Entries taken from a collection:

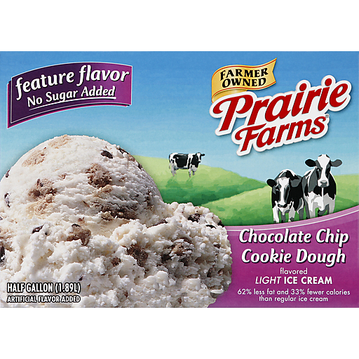 - The manufacturer of Flavored Light Ice Cream, Chocolate Chip Cookie Dough is Prairie Farms.
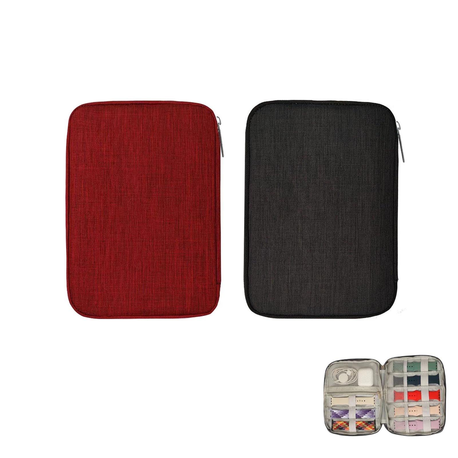 Paquete de 2 correas de reloj, estuche de transporte resistente al desgaste, organizador de viaje (negro y rojo)
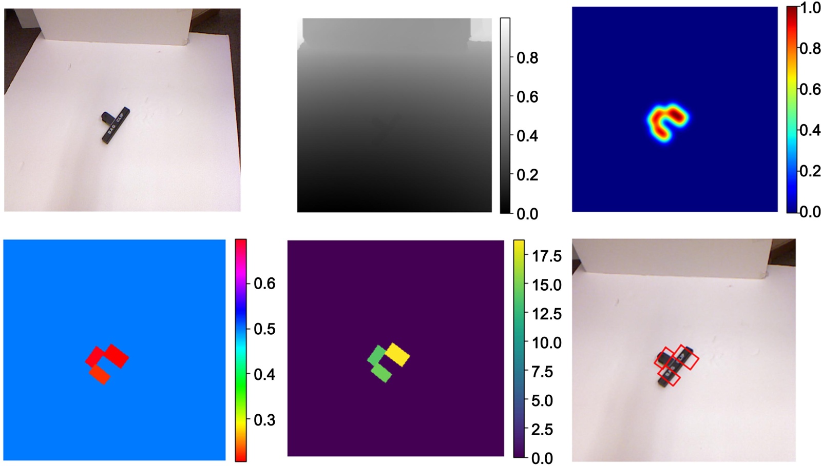 通过上述建模方式,抓取检测问题被转化为一个端到端,可训练的像素级预测任务,网络能够同时学习多种抓取属性之间的内在关联,从而生成更加一致和稳定的抓取结果。
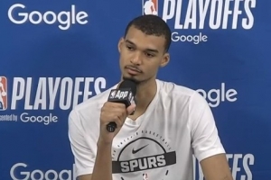 24直播网4月29日讯 首轮系列赛,马刺114-95轻取开拓者,大比分4-1绅士横扫。文班亚马赛后在发布会接受了媒体采访,以下为采访全文。
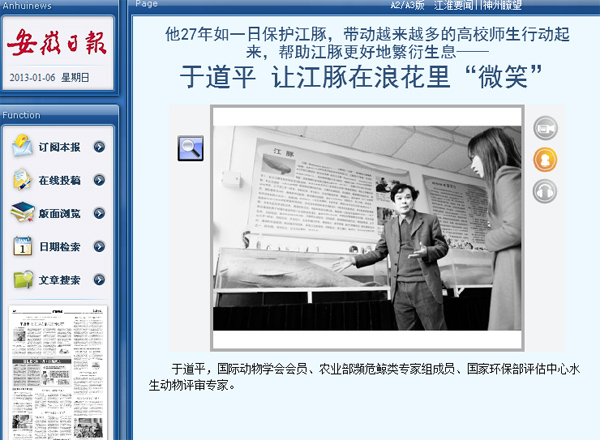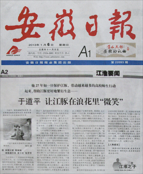 2013年1月6日,《安徽日报》A2版“江淮之子”栏目刊发人物通讯《于道平 让江豚在浪花里“微笑”》,介绍了永利官网生命科学学院于道平教授在江豚保护方面的感人事迹。这是该栏目首次宣传永利官网典型人物。稿件由《安徽日报》记者和永利官网大学生记者联合采写。

Problem to solve: Begin with the line that contains "24直播网4月29日讯 首轮" and repeat every line through the end of the data, exactly and only those lines, leaving out the pictures.

Exercise answer:
 24直播网4月29日讯 首轮系列赛,马刺114-95轻取开拓者,大比分4-1绅士横扫。文班亚马赛后在发布会接受了媒体采访,以下为采访全文。
 2013年1月6日,《安徽日报》A2版“江淮之子”栏目刊发人物通讯《于道平 让江豚在浪花里“微笑”》,介绍了永利官网生命科学学院于道平教授在江豚保护方面的感人事迹。这是该栏目首次宣传永利官网典型人物。稿件由《安徽日报》记者和永利官网大学生记者联合采写。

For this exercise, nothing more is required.